• [Exercise instructions] Set down each line of the material that follows, exactly, with no pictures.

• [Dataset entries]
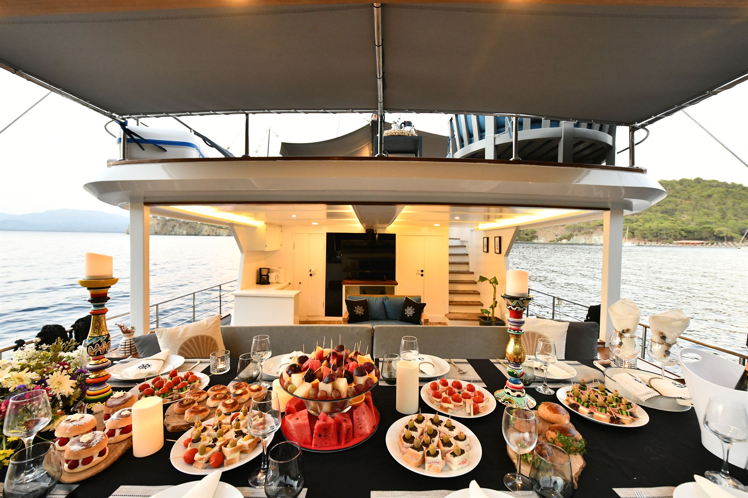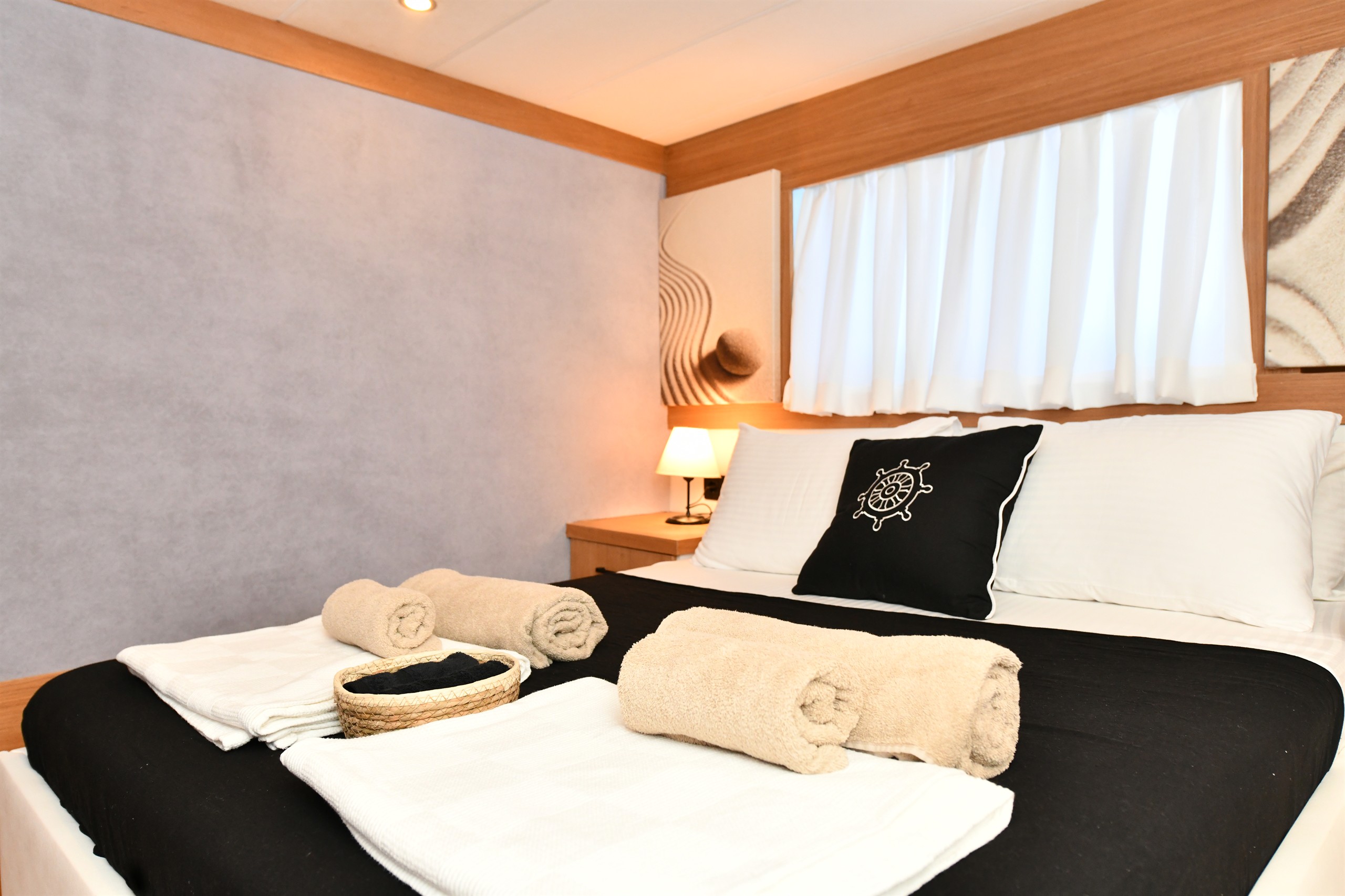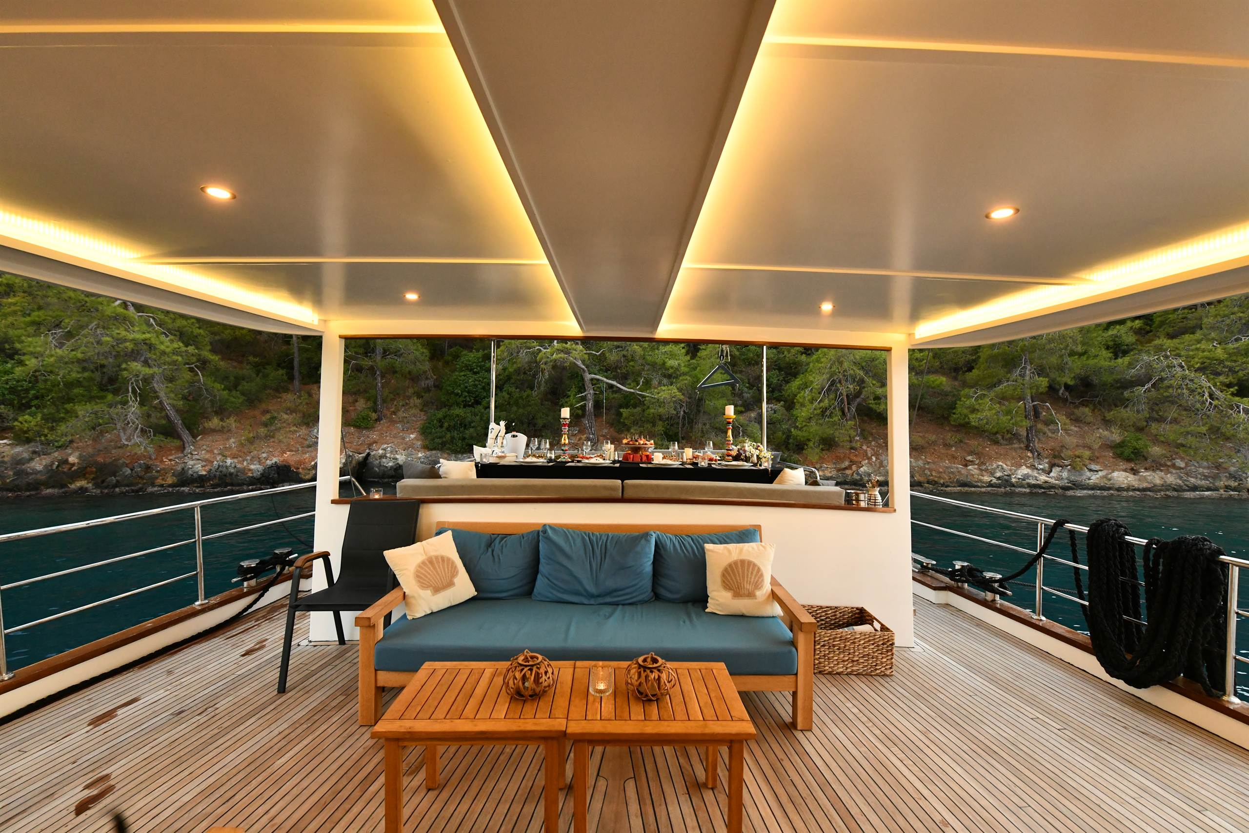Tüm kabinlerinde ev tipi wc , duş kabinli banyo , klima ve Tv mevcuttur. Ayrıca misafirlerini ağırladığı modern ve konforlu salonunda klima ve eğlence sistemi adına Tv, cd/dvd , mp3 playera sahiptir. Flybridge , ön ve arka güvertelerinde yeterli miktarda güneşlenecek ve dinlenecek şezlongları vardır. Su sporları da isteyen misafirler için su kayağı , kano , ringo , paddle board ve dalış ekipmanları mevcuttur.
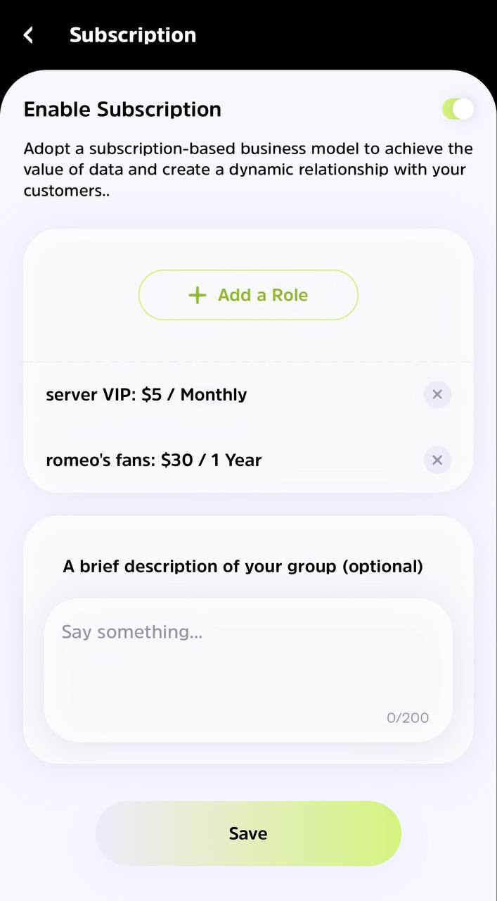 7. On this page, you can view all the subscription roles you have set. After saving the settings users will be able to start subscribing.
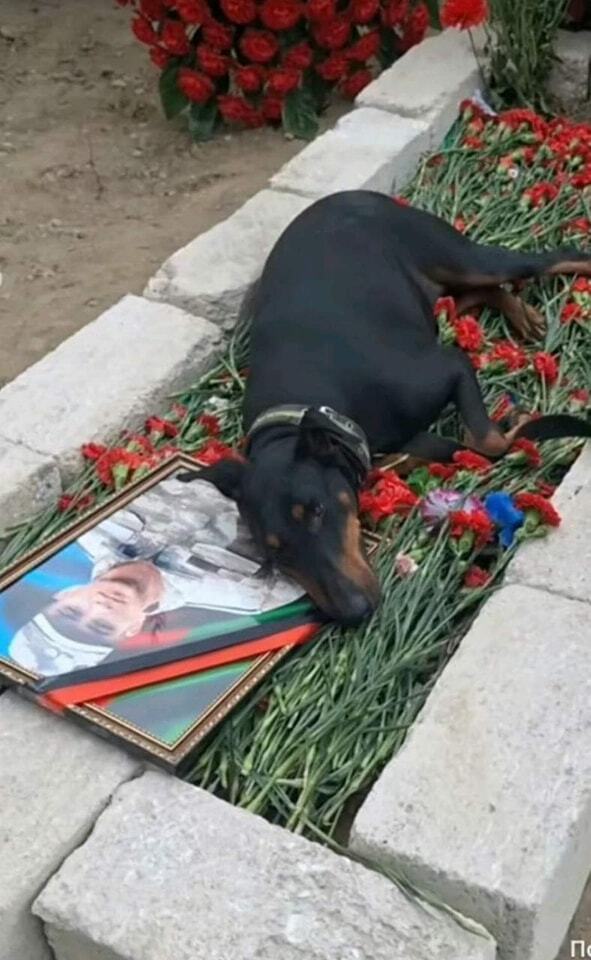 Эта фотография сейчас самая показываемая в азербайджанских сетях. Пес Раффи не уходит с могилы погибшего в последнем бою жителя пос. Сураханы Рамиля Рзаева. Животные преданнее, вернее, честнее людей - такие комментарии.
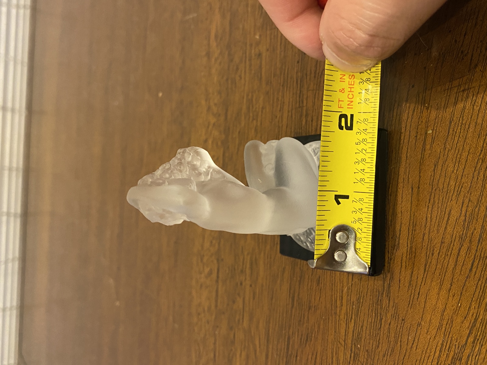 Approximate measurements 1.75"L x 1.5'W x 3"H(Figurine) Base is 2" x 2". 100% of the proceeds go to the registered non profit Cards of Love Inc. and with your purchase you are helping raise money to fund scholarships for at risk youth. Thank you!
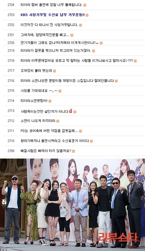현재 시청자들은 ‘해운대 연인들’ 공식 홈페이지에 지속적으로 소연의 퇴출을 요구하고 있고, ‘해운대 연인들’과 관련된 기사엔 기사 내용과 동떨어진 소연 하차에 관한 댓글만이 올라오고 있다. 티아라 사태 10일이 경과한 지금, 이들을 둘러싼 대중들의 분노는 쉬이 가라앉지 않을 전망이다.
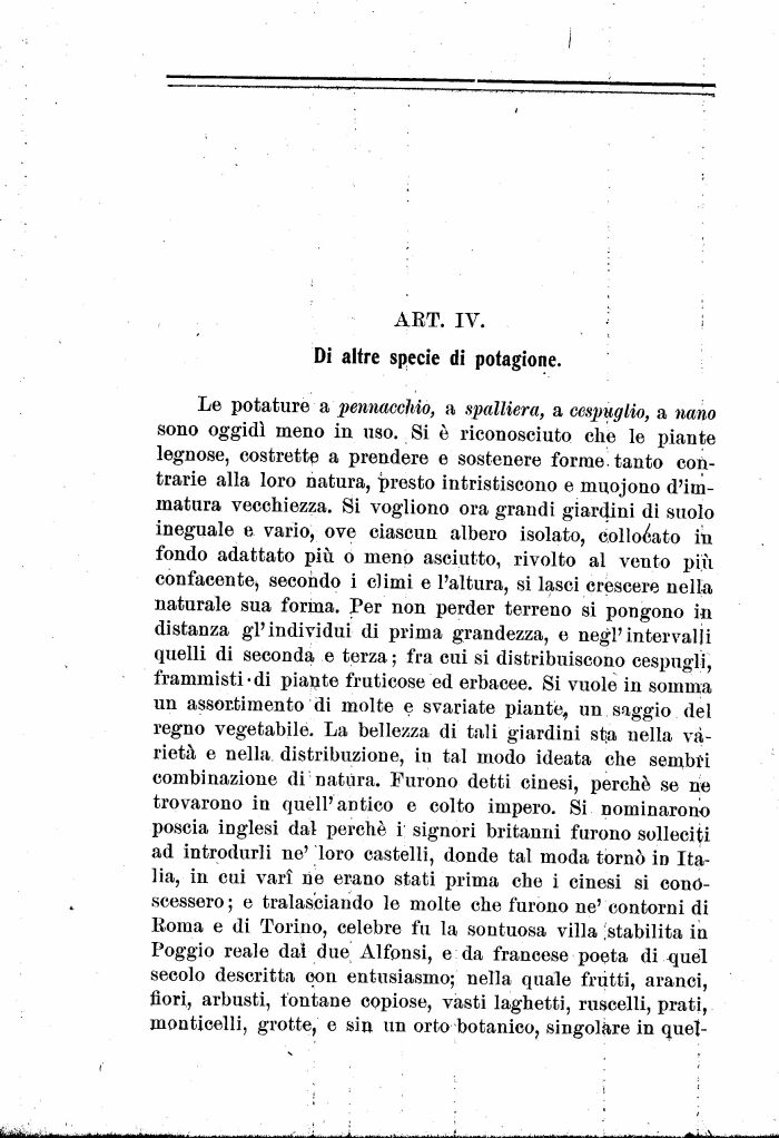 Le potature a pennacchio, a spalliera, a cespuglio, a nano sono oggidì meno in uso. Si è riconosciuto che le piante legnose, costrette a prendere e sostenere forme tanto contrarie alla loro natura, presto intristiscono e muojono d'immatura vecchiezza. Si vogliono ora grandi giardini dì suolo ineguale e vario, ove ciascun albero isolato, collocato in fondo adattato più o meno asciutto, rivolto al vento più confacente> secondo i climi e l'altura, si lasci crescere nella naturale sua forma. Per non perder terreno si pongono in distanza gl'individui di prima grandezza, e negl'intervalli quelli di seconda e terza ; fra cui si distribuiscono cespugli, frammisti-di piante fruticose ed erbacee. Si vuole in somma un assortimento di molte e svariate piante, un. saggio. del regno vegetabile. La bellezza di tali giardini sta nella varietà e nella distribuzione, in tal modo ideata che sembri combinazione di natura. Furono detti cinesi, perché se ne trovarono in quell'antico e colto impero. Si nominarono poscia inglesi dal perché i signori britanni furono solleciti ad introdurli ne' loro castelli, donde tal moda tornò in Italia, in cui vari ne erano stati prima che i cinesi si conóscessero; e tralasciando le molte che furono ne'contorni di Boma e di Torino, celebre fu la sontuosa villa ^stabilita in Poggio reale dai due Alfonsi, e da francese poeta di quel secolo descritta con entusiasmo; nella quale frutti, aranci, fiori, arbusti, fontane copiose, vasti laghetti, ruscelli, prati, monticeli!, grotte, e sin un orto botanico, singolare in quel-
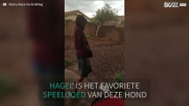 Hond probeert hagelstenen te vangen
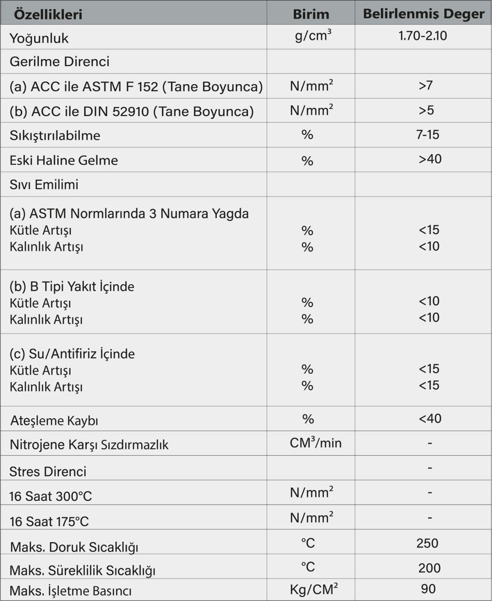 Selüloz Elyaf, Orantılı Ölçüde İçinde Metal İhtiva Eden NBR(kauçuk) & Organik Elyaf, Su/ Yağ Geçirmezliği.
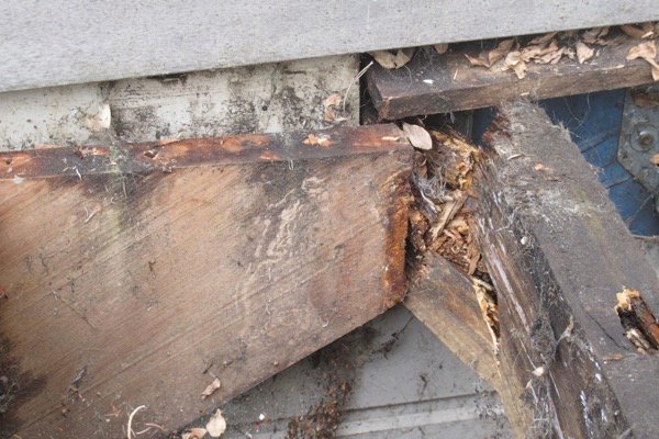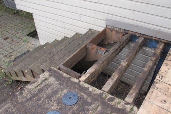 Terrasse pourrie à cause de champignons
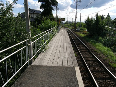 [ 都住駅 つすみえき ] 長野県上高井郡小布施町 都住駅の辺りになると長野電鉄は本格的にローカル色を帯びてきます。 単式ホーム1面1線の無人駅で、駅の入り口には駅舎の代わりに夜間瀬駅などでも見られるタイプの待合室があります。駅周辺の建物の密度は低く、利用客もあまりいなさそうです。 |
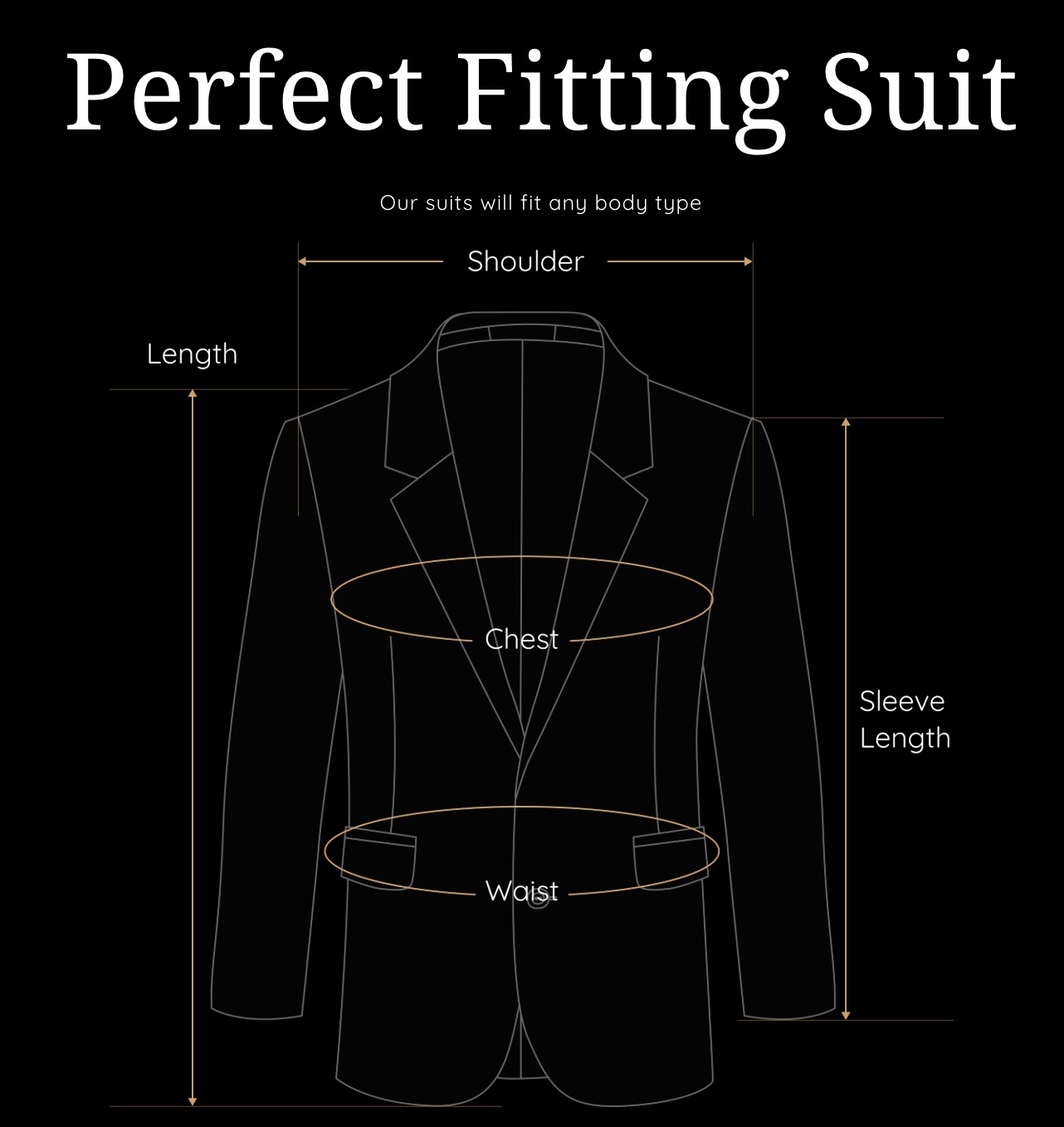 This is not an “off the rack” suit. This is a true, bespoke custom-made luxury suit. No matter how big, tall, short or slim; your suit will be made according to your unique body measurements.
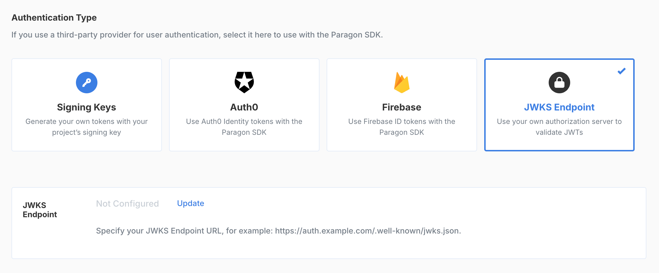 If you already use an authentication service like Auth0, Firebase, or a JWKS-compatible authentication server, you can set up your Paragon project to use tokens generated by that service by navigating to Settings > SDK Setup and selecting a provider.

• [Response area]
Tüm kabinlerinde ev tipi wc , duş kabinli banyo , klima ve Tv mevcuttur. Ayrıca misafirlerini ağırladığı modern ve konforlu salonunda klima ve eğlence sistemi adına Tv, cd/dvd , mp3 playera sahiptir. Flybridge , ön ve arka güvertelerinde yeterli miktarda güneşlenecek ve dinlenecek şezlongları vardır. Su sporları da isteyen misafirler için su kayağı , kano , ringo , paddle board ve dalış ekipmanları mevcuttur.
 7. On this page, you can view all the subscription roles you have set. After saving the settings users will be able to start subscribing.
 Эта фотография сейчас самая показываемая в азербайджанских сетях. Пес Раффи не уходит с могилы погибшего в последнем бою жителя пос. Сураханы Рамиля Рзаева. Животные преданнее, вернее, честнее людей - такие комментарии.
 Approximate measurements 1.75"L x 1.5'W x 3"H(Figurine) Base is 2" x 2". 100% of the proceeds go to the registered non profit Cards of Love Inc. and with your purchase you are helping raise money to fund scholarships for at risk youth. Thank you!
현재 시청자들은 ‘해운대 연인들’ 공식 홈페이지에 지속적으로 소연의 퇴출을 요구하고 있고, ‘해운대 연인들’과 관련된 기사엔 기사 내용과 동떨어진 소연 하차에 관한 댓글만이 올라오고 있다. 티아라 사태 10일이 경과한 지금, 이들을 둘러싼 대중들의 분노는 쉬이 가라앉지 않을 전망이다.
 Le potature a pennacchio, a spalliera, a cespuglio, a nano sono oggidì meno in uso. Si è riconosciuto che le piante legnose, costrette a prendere e sostenere forme tanto contrarie alla loro natura, presto intristiscono e muojono d'immatura vecchiezza. Si vogliono ora grandi giardini dì suolo ineguale e vario, ove ciascun albero isolato, collocato in fondo adattato più o meno asciutto, rivolto al vento più confacente> secondo i climi e l'altura, si lasci crescere nella naturale sua forma. Per non perder terreno si pongono in distanza gl'individui di prima grandezza, e negl'intervalli quelli di seconda e terza ; fra cui si distribuiscono cespugli, frammisti-di piante fruticose ed erbacee. Si vuole in somma un assortimento di molte e svariate piante, un. saggio. del regno vegetabile. La bellezza di tali giardini sta nella varietà e nella distribuzione, in tal modo ideata che sembri combinazione di natura. Furono detti cinesi, perché se ne trovarono in quell'antico e colto impero. Si nominarono poscia inglesi dal perché i signori britanni furono solleciti ad introdurli ne' loro castelli, donde tal moda tornò in Italia, in cui vari ne erano stati prima che i cinesi si conóscessero; e tralasciando le molte che furono ne'contorni di Boma e di Torino, celebre fu la sontuosa villa ^stabilita in Poggio reale dai due Alfonsi, e da francese poeta di quel secolo descritta con entusiasmo; nella quale frutti, aranci, fiori, arbusti, fontane copiose, vasti laghetti, ruscelli, prati, monticeli!, grotte, e sin un orto botanico, singolare in quel-
 Hond probeert hagelstenen te vangen
 Selüloz Elyaf, Orantılı Ölçüde İçinde Metal İhtiva Eden NBR(kauçuk) & Organik Elyaf, Su/ Yağ Geçirmezliği.
 Terrasse pourrie à cause de champignons
 [ 都住駅 つすみえき ] 長野県上高井郡小布施町 都住駅の辺りになると長野電鉄は本格的にローカル色を帯びてきます。 単式ホーム1面1線の無人駅で、駅の入り口には駅舎の代わりに夜間瀬駅などでも見られるタイプの待合室があります。駅周辺の建物の密度は低く、利用客もあまりいなさそうです。 |
 This is not an “off the rack” suit. This is a true, bespoke custom-made luxury suit. No matter how big, tall, short or slim; your suit will be made according to your unique body measurements.
 If you already use an authentication service like Auth0, Firebase, or a JWKS-compatible authentication server, you can set up your Paragon project to use tokens generated by that service by navigating to Settings > SDK Setup and selecting a provider.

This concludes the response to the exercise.